There are several types of cassava, each with its unique characteristics, flavor, and uses. Here are some of the common types of cassava:

  1. Sweet Cassava: Sweet cassava is a type of cassava that is sweeter than other varieties. It is commonly used to make desserts, such as cassava cake and pudding.
  2. Bitter Cassava: Bitter cassava is a type of cassava that has a high level of cyanogenic compounds, which can be toxic if not processed correctly. It is commonly used to make traditional dishes in Africa, such as fufu and eba.
  3. White Cassava: White cassava is a type of cassava that has white flesh and is rich in nutrients such as vitamin C and potassium. It is commonly used to make cassava flour, which is used in many recipes as a gluten-free alternative to wheat flour.
  4. Yellow Cassava: Yellow cassava is a type of cassava that has yellow flesh and is rich in beta-carotene, a nutrient that is converted to vitamin A in the body. It is commonly used in Africa to make cassava fufu and other traditional dishes.
  5. Red Cassava: Red cassava is a type of cassava that has red or purple flesh and is rich in antioxidants. It is commonly used in South America to make bread and other baked goods.
  6. Wild Cassava: Wild cassava is a type of cassava that grows wild in the Amazon rainforest. It is smaller than other varieties and has a higher level of cyanogenic compounds. It is commonly used by indigenous communities in the Amazon to make traditional dishes.

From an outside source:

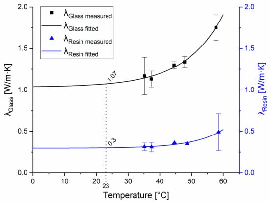 Measured and fitted heat conduction parameters of the tested materials. Heat conduction of the reference glass material is represented by the black curve; the squares show the average values with standard deviations measured at the indicated temperatures. Heat conduction parameters of the resin material are represented by the blue curve; triangles show the measured average values with standard deviations measured at the indicated temperatures.
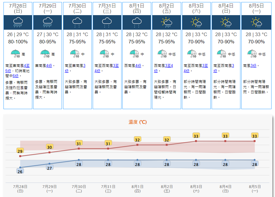未來9天天氣預報。香港天文台圖 具體天氣情況,香港天文台預報指,一道廣闊低壓槽正為廣東沿岸帶來大驟雨及雷暴。本港方面,今早(28日)多處地區錄得超過30毫米雨量。在今晨8時,熱帶低氣壓格美集結在武漢之東南偏南約70公里,預料向西北移動,時速約10公里,橫過湖北並逐漸消散。 天文台預測,香港地區今天(28日)天氣為多雲,有驟雨及強烈狂風雷暴,雨勢有時頗大。最高氣溫約29度。吹和緩至清勁南至東南風,初時高地間中吹強風。明日(29日)有驟雨及幾陣狂風雷暴,雨勢有時頗大。本週中期仍有幾陣驟雨。 對於未來天氣概況,香港天文台指,廣闊低壓槽會在未來一兩日為華南沿岸及南海北部帶來大驟雨及狂風雷暴。預料該低壓槽會在本週中期稍為減弱,但廣東沿岸仍有幾陣驟雨。隨著高空反氣旋逐漸增強,本週後期中國東南部天色較為明朗。此外,現時為菲律賓以東海域帶來不穩定天氣的低壓區會在未來一兩日逐漸發展,大致移向台灣至呂宋海峽一帶。(完) 【編輯:許豐悅】

These are just a few of the many types of cassava that exist. Each type has its unique flavor, nutritional profile, and culinary uses, making cassava a versatile and essential food in many parts of the world.

Uses of Cassava

Cassava is a versatile root vegetable that is used in a variety of ways around the world. Here are some of the most common uses of cassava:

  1. Food: Cassava is a staple food in many parts of Africa, Asia, and South America. It can be boiled, baked, fried, or mashed and used in a variety of dishes, including stews, soups, and porridges. Cassava is also processed into flour, which is used to make bread, pancakes, and other baked goods.
  2. Animal feed: Cassava leaves and stems are a good source of nutrition for livestock, particularly pigs and poultry. They are often used as a feed supplement or as a substitute for other types of feed.
  3. Industrial uses: Cassava starch and flour are used in a variety of industrial applications, including paper and textile production, as well as the manufacturing of adhesives, coatings, and other products.
  4. Fuel: Cassava can be used as a biofuel to produce ethanol, which is a renewable source of energy.
  5. Medicine: Cassava has been used in traditional medicine to treat a variety of ailments, including fever, diarrhea, and skin disorders. It contains compounds that have been shown to have anti-inflammatory and anti-cancer properties.
  6. Household products: Cassava starch is often used to make biodegradable bags, plates, and other environmentally friendly household products.

Overall, cassava is a versatile crop that has a wide range of uses. Its importance as a food source, particularly in areas where other crops are difficult to grow, cannot be overstated. Additionally, its industrial, medicinal, and other uses make it a valuable commodity in many parts of the world.